Felix Stalder – Kultur der Digitalisierung

In diesem Buch analysiert Felix Stalder, Professor für Digitale Kultur an der Zürcher Hochschule der Künste, gesellschafliche Veränderungen, die ihren Ursprung in einer Erweiterung des kulturellen Lebens auf der Basis technologischer Veränderungen haben. Eine Folge der Digitalisierung ist eine Vervielfältigung der kulturellen Möglichkeiten. Immer mehr Menschen haben nun die Möglichkeiten, sich an kulturellen Prozessen zu beteiligen; dadurch erweitert sich auch das Themenspektrum, das in kulturellen Auseinandersetzungen verhandelt wird.

Als Kultur werden im Folgenden all jene Prozesse bezeichnet, in denen soziale Bedeutung, also die normative Definition der Existenz, durch singuläre und kollektive Handlungen explizit oder implizit verhandelt und realisiert wird.

Kultur ist heterogen, hybrid und nicht statisch. Kultur ist kein symbolisches Beiwerk, sondern handlungsleitend und gesellschaftsformend. Sie gibt uns einen Referenzrahmen, an dem sich unser Handeln orientiert. Dieser Referenzrahmen ist einerseits historisch gewachsen und andererseits wandelbar. Veränderungen, die sich aufgrund wachsender technologischer Möglichkeiten in kulturellen Prozessen entwickeln, sind das Thema dieses Buchs. Als wesentliche Ausdrucksformen der Kultur der Digitalität nennt der Autor Referentialität, Gemeinschaftlichkeit und Algorithmizität.

Referentialität beschreibt die vielfältigen Verbindungen, die im digitalen Raum zwischen unterschiedlichen Inhalten gezogen werden. Digitale Güter können kopiert und verändert werden ohne das Original dadurch zu entwerten oder zu zerstören. Dadurch ergeben sich neue Möglichkeiten, kulturelle Güter zu erschaffen und zu verändern.

Bedeutung wie auch Handlungsfähigkeit können nur im Austausch mit anderen stehen, sich festigen und wandeln.
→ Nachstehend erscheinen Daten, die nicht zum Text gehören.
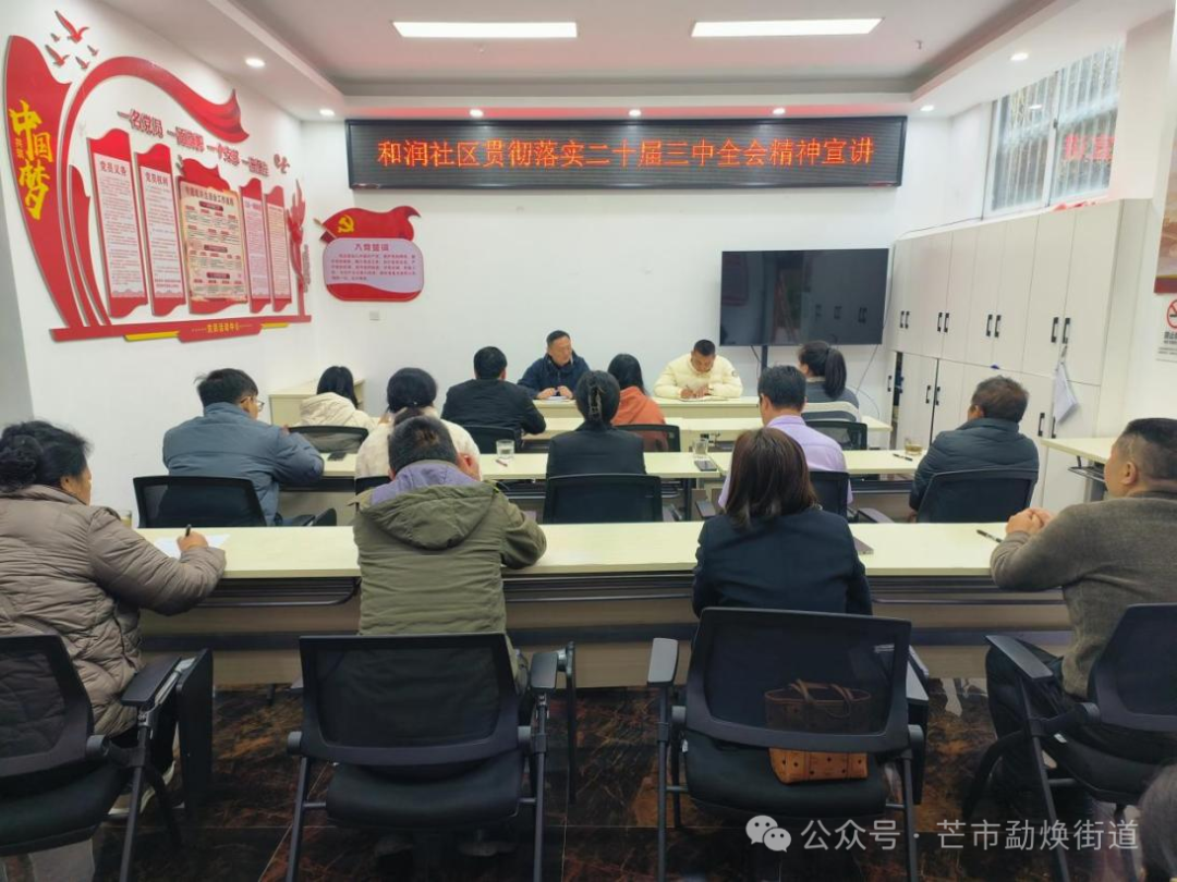 为推动党的二十届三中全会精神深入人心,更好地用党的二十届三中全会精神统一思想、凝聚共识,提高政治站位,确保学习宣传全会精神走深走实、见行见效。连日来,勐焕街道各社区持续组织开展学习宣传贯彻党的二十届三中全会精神主题宣讲活动。
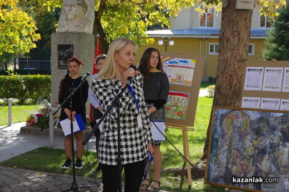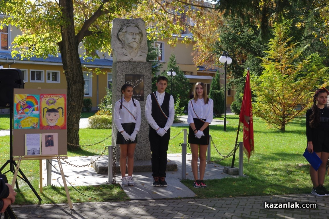 Ученици от всички класове поднесоха цветя за всички знайни и незнайни будители на паметника на Георги Кирков в двора на училището.
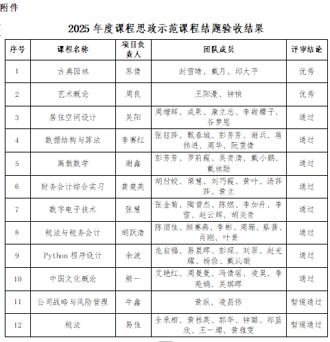 根据《关于开展2025年课程思政示范课程相关工作的通知》(湘信院教务处〔2025〕187号)精神,教务处组织专家对2023年立项的12门课程思政示范课程进行了结题,其中2项评为优秀、8项验收通过、2项暂缓通过,现予以公示。

Unter dem Begriff Gemeinschaftlichkeit werden viele Formen der Kommunikation verstanden, die erst durch technologische Unterstützung möglich werden. Die Kultur der Digitalität manifestiert sich zu einem wesentlichen Teil in digitaler Kommunikation. Kommunikation ist ein konstitutives Element der sozialen Existenz. Bedeutung kann von einzelnen Personen zwar behauptet werden; damit sie aber Kultur werden kann, muss sie von anderen bestätigt werden. Als Paradebeispiel wird die Enzyklopädie Wikipedia genannt. Das gemeinschaftliche Arbeiten an einem Projekt dieser Größenordnung ist erst durch die weltweite Vernetzung mittels Internet möglich geworden. Der Autor sieht aber auch eine Gemeinsamkeit der Kultur der Digitalität mit der traditionellen Volkskultur:

Die aktive Teilnahme verlangt zwar eine gewisse Fertigkeit, ein gewisses Interesse und Engagement, meist aber kein außergewöhnliches Talent.
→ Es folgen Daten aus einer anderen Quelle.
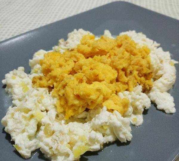 3、 鍋中放油,油熱以後先炒蛋白,不要炒太久,蛋白稍一成型就放入一半調好的料汁,然後出鍋放入盤中,接著再用同樣的方法來炒蛋黃,也是一成型就放入剩下的料汁,然後出鍋放到炒的蛋白的上面,開吃吧,看看跟真螃蟹的味道有什麼不同。
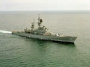 Originally called a "destroyer leader" or frigate (DLG), in 1975 she was re-designated a cruiser (CG) in the United States Navy 1975 ship reclassification.
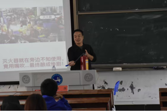 讲座中,陈胜浅谈了消防安全观念的几个误区,为同学们普及安全防范知识并示范灭火器的使用方法。陈馆长还提出了面对火灾时的“三要”“三救”和“三不”原则,告诉同学们要熟悉自己住所的环境,遇到突发情况时要沉着冷静,采取正确的应急措施。在认真听讲及观摩后,部分同学亲自体验了如何正确使用灭火器,为维护安全校园打下了坚实基础。
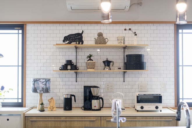 お気に入りのキッチンに立ち、センス良く並べられた小物や食器を眺める時間は、日常を特別なものに変えてくれます。「大好きなカフェ風の空間になって、友人を招いてお茶をすることが増えました」と笑顔で語るN様。長年温めてきた「好き」を妥協せずに形にしたことで、毎日がわくわくするような、心地よい住まいが完成しました。
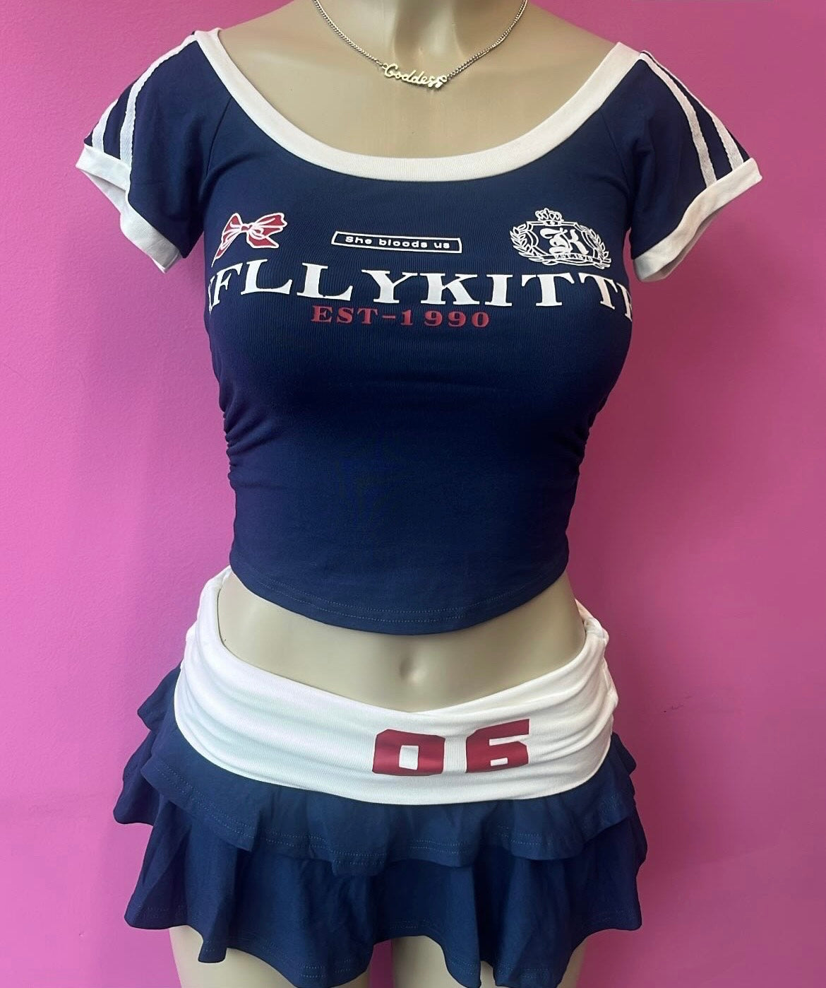 Bring the heat in this ultra-cute, retro-inspired two-piece set. Featuring a fitted navy crop top with sporty stripes. The matching mini skirt with ruffle layers and a contrast waistband gives flirty-meets-fierce vibes that turn heads on the block.
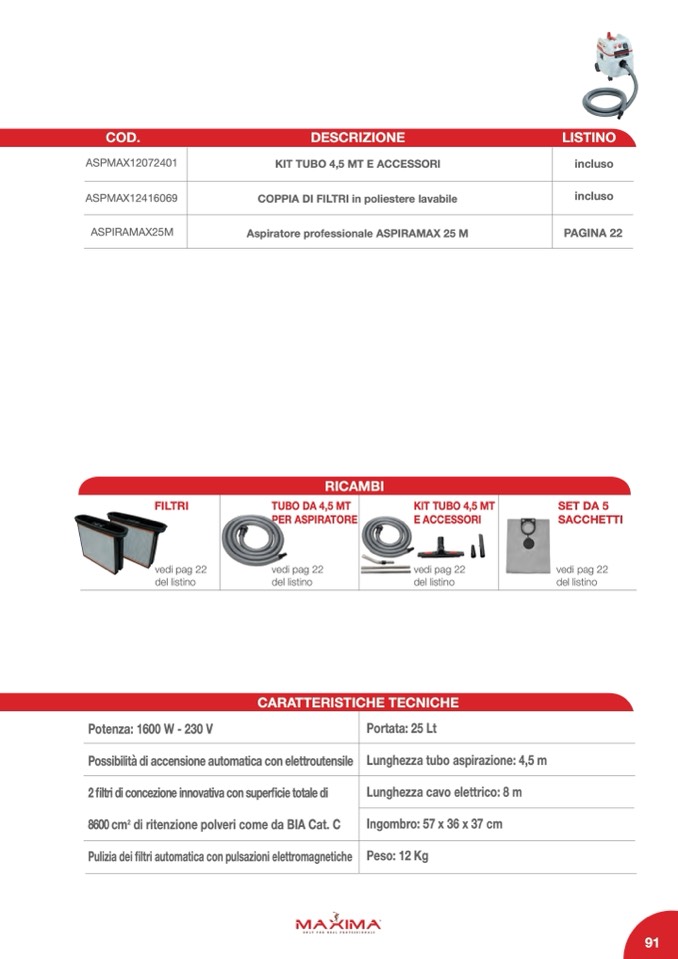 Aspiratore professionale ASPIRAMAX 25 M

Algorithmizität beschreibt die Tatsache, dass viele dieser kulturellen Prozesse überhaupt nur möglich werden, weil Daten durch Algorithmen analysiert werden. Menschen sind dazu entweder nicht in der Lage oder es würde viel zu lange dauern, die wesentlichen Informationen aus den angehäuften Datenbergen zu extrahieren. Die Rolle der Algorithmen hat eine helle und eine dunkle Seite (und ein unendliches Spektrum an Grautönen dazwischen). Algorithmen helfen uns, wesentliche Informationen zu extrahieren und diese weiterzuverarbeiten; sie können aber auch zu Benachteiligungen führen, die kaum noch nachvollziehbar sind (Einen interessanten Talk dazu gab es bei der Privacyweek 2018: Bias in Algorithmen von pascoda).

Für jede Person wird eine andere Ordnung erstellt und nicht mehr nur ein Ausschnitt einer vorgängig bestehenden Ordnung angezeigt.

Als Beispiel dafür wird im Buch der Google-Suchalgorithmus und seine Veränderungen seit der Entwicklung besprochen. Der aktuelle Suchalgorithmus stützt sich auf die analysierten Präferenzen der Nutzer*innen, die aus vorherigen Suchanfragen abgespeichert wurden. Das „verbessert“ einerseits subjektiv gesehen die Ergebnisse, schließt aber andererseits Ergebnisse aus, die ebenfalls interessant sein könnten, aber nicht zu den bisher gesuchten Dingen passen. Daraus entsteht ein Tunnelblick, der die Nutzer*innen in ihrer eigenen Welt einsperrt und den Blick über den Tellerrand unmöglich macht. Für jede*n individuelle*n Nutzer*in wird eine eigene, singulare Welt erschaffen.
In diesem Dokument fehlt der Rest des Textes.